Whereas the academic library is likely not in jeopardy, the public library is subject to far more fickle decision makers. If the primary benefactors of the service, middle class tax payers, see no benefits resulting from the library’s existence, it may find itself subject to political pressure. This is a population that, on the whole, is pretty wowed by style and convenience which tend not to be libraries’ strong suit.
My wife, Selena, is a steadfast supporter of the public library. She had an awakening about five years ago after shelling out tons of money to Amazon for books she read only once.
“Oh my God, they’ve got all these books. For free!”
At this point, we had been married for about four years and I had been working in a library for about ten. It is not like I hadn’t brought up the possibility of the public library before, but I had no defense for her complaints about the catalog’s interface (SirsiDynix’s iBistro). It took her requiring her high school students to get a library card to see the merits of the library and ever since she has been a devoted advocate.
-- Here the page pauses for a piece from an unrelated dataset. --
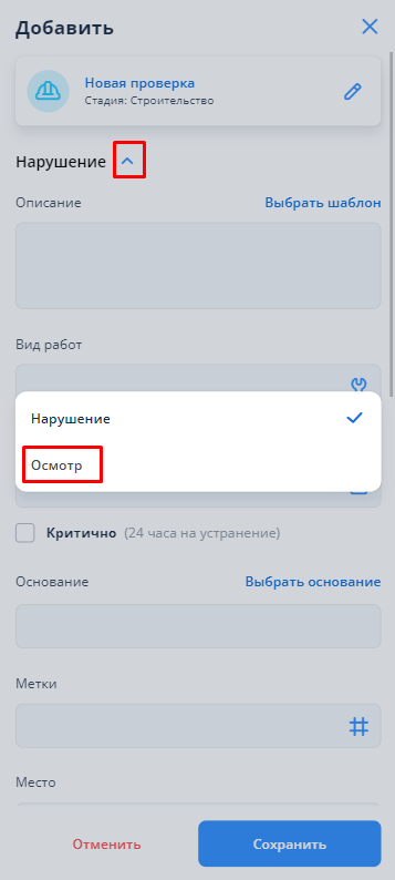 После этого в окне создания нарушения сменить на “Осмотр” - нажать на кнопку стрелочки и в появившемся окне выбрать “Осмотр”. После этого появится стандартное окно для добавления осмотра. Необходимо заполнить поля и сохранить осмотр.

That does not mean that she still doesn’t have her complaints. They are legitimate gripes and, thankfully, almost completely technical. Her issues are:
The third point is not exactly technical, I realize, but it has an effect on the library as a whole. This will not stop me from offering a technical suggestion that might help.
There are several opportunities in the library for serendipitous discovery: the children’s book room, the returned book cart, the new books shelf, maybe a staff picks list. It has not, historically, been the forte of the library catalog. One of Amazon’s many strengths lies in its recommendations and groupings. Simply by being me and doing what I do, Amazon finds and presents me with things I might be interested in based on how other people with profiles like me shop. While the recommendations are generally hit and miss, it made me aware of many things (especially music) that I would have had no way of discovering before.
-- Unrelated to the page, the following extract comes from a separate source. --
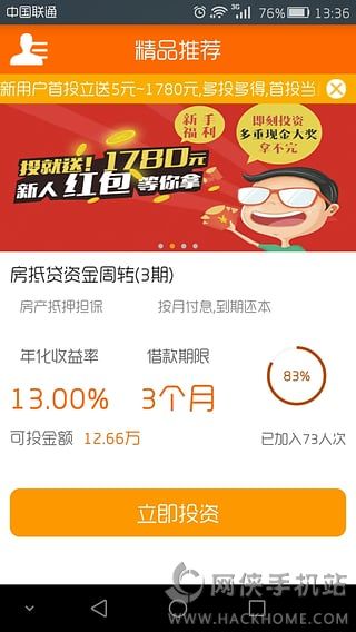 抱财网下载手机版是一款移动金融理财平台,门槛低收益高,理财项目丰富,期限多样投资灵活,可以随时进行投资或体现,推荐给喜欢理财的朋友。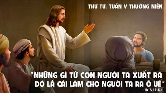 Người lại phán: “Những gì ở trong người ta mà ra, đó là cái làm cho người ta ô uế. Vì từ bên trong, từ tâm trí người ta xuất phát những tư tưởng xấu, ngoại tình, dâm ô, giết người, trộm cắp, tham lam, độc ác, xảo trá, lăng loàn, ganh tị, vu khống, kiêu căng, ngông cuồng. Tất cả những sự xấu đó đều ở trong mà ra, và làm cho ngươì ta ô uế”.

There are various reasons that the library is reluctant to start creating profile based services for its borrowers: USA PATRIOT act style privacy concerns, population sizes that are too small to produce meaningful recommendations, etc. U.S. libraries should pay close attention to the UK’s MOSAIC project, however, a JISC-funded initiative to harvest and mine circulation data with the intention of providing recommendations based on borrower usage. Assuming concerns surrounding the differences in privacy rights can be met, this could really begin to pave the way forward for such services.
In the meantime, there are tangible ways to provide less targeted, although still meaningful, recommendations: best seller, award, and book club lists. Best sellers’ lists are, of course, a very rough metric of what is currently popular across America and, in the case of some lists, targeted at particular demographics (the New York Times, Essence Magazine, Evangelical Christian Publisher Association, Powell’s Bookstore, Independent Mystery Booksellers Association, etc.). While best sellers lists give no context of the actual content (outside, possibly of fiction or non-fiction) and certainly are no barometer to the quality of the work, they do at least provide a list of books that are currently popular, which might be all the discovery some users need, especially the specialty lists.
When I checked my local public library for access to their collection based on best sellers lists, I was rather surprised to find that they did not have any. This seemed so simple and such an easy win for them, that I thought I would mock something up so they could use it. The New York Times has opened their best sellers lists and book and movie reviews through their API service making it very simple to create a set of interfaces based on their best sellers to the library catalog. Unfortunately, this proved to be harder than I originally had hoped because the library catalog has no machine readable interface. There is no easy way to provide mashups to my library. This is not terribly surprising; the same was true for Atlanta-Fulton County Public Library’s catalog. This is a terrible shame. If the library is unable to provide the resources to create interesting and vibrant technological services, they really should do everything in their power to facilitate these services being created by members of their community. This is exactly how Ann Arbor District Library cultivated its “Super Patron”, Ed Vielmetti. Ironically, the AADL already had a strong technological base and probably needed to depend less on their constituents than other libraries. I suppose this stands to reason, though, what with the rich getting richer and whatnot.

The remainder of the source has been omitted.